# [TASK STATEMENT]
Lines with the word "Spitzbuaba" in them are the ones to copy from the records.

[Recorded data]
■ ■ ■

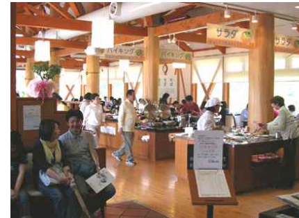
〈사진 3〉 지산지소 방식의 레스토랑(좌)과 주민이 운영하는 직판장(우)〉

地消)원칙으로 재료를 공급하는 데 역점을 두고 있다. 재료의 30%는 센터 내 농장 및 인근 고베 권역 내에서 공급하며, 20%는 효고현 내의 재료를 활용하는 것이다. 다른 현의 재료가 차지하는 비중은 50% 정도가 된다. 체험농장이나 가공시설에서 생산된 식재료 역시 레스토랑에서 소비한다. 음식물 쓰레기는 100% 퇴비로 활용할 수 있도록 퇴비 생산시설을 갖추고 있으며, 폐식용유 역시 바이오디젤로 재사용하여 트랙터 등에 일부 사용하고 있다.
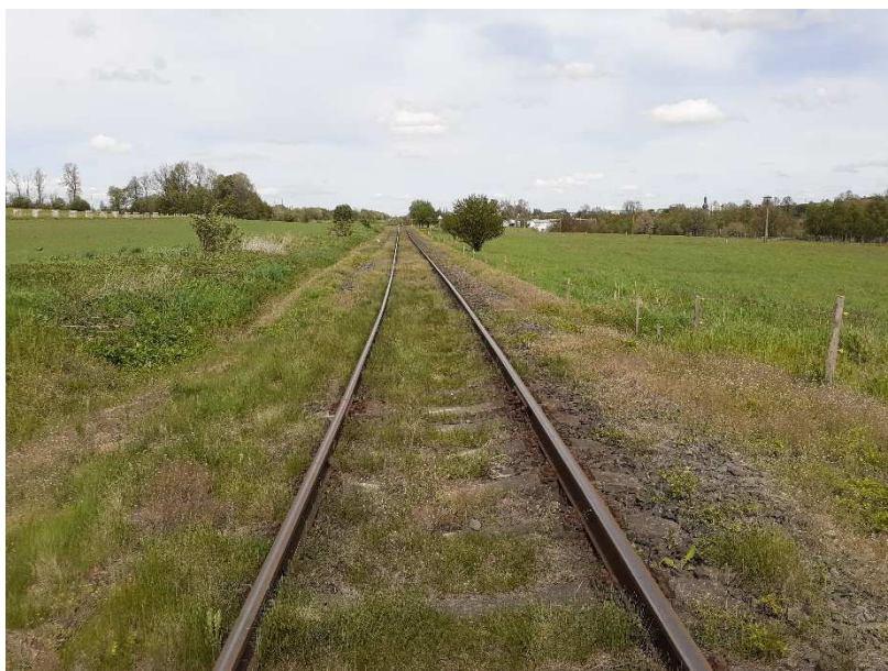
Foto č.2 - Propustek v km 35,061 - Pohled na trať - pohled proti směru staničení
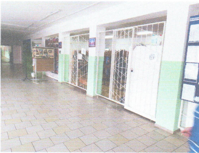
Φοτο Νο 17
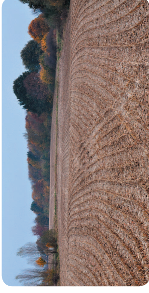
Ist - Zustand der Fläche im Herbst 2009

Da jetzt noch die trostlosen Stoppeln eines Maisackers stehen, wird es bald grün, wird es bald summen und zwitschern. Es locken gut riechende Blüten und wohlschmeckende Früchte mit klingenden Namen: Rote Sternrenette, Goldparmäne, Clapps Liebling und viele mehr. Alles alte Sorten, die hier wunderbar gedeihen werden.
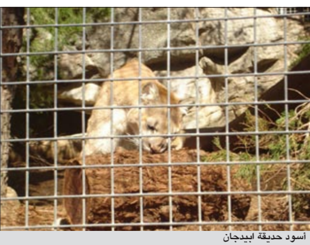
أسود حديقة أيبيدجان

كما أظهر الاستطلاع أيضا أن 48٪ من المسلمين في أميركا أقروا بأنهم تعرضوا لتجارب التمييز العنصري أو الديني وأنهم يتعرضون للتمييز بدرجة كبيرة لصالح البروتستانت، والكاثوليك واليهود والموارنة والمحددين.
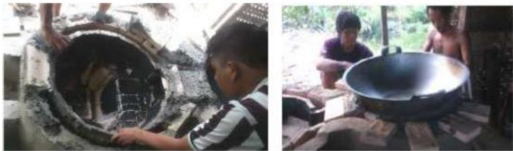
Gambar 3.4 Pemanasan Ruang Bakar Utama Untuk Mengeringkan/ Memperkokoh Perekat Sambungan Yang Digunakan, dan Pembuatan Dudukan Wajan Penggorengan

Selanjutnya, pengerasan perekat dilakukan dengan cara dipanaskan, dilanjutkan pembuatan dudukan wajan penggorengan (silahkan lihat gambar 4)
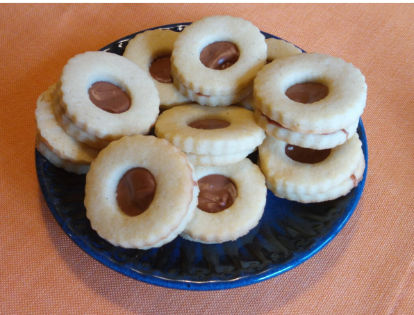
Spitzbuaba mit Nugat

Zu guter Letzt zum Aufbewahren alles in eine Dose legen. Die Spitzbuaba werden nach einem Tag deutlich weicher, da sie etwas Feuchtigkeit der Marmelade aufnehmen.
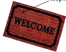
der Fußabtreter коврик

■ ■ ■

# [ANSWER]
Spitzbuaba mit Nugat
Zu guter Letzt zum Aufbewahren alles in eine Dose legen. Die Spitzbuaba werden nach einem Tag deutlich weicher, da sie etwas Feuchtigkeit der Marmelade aufnehmen.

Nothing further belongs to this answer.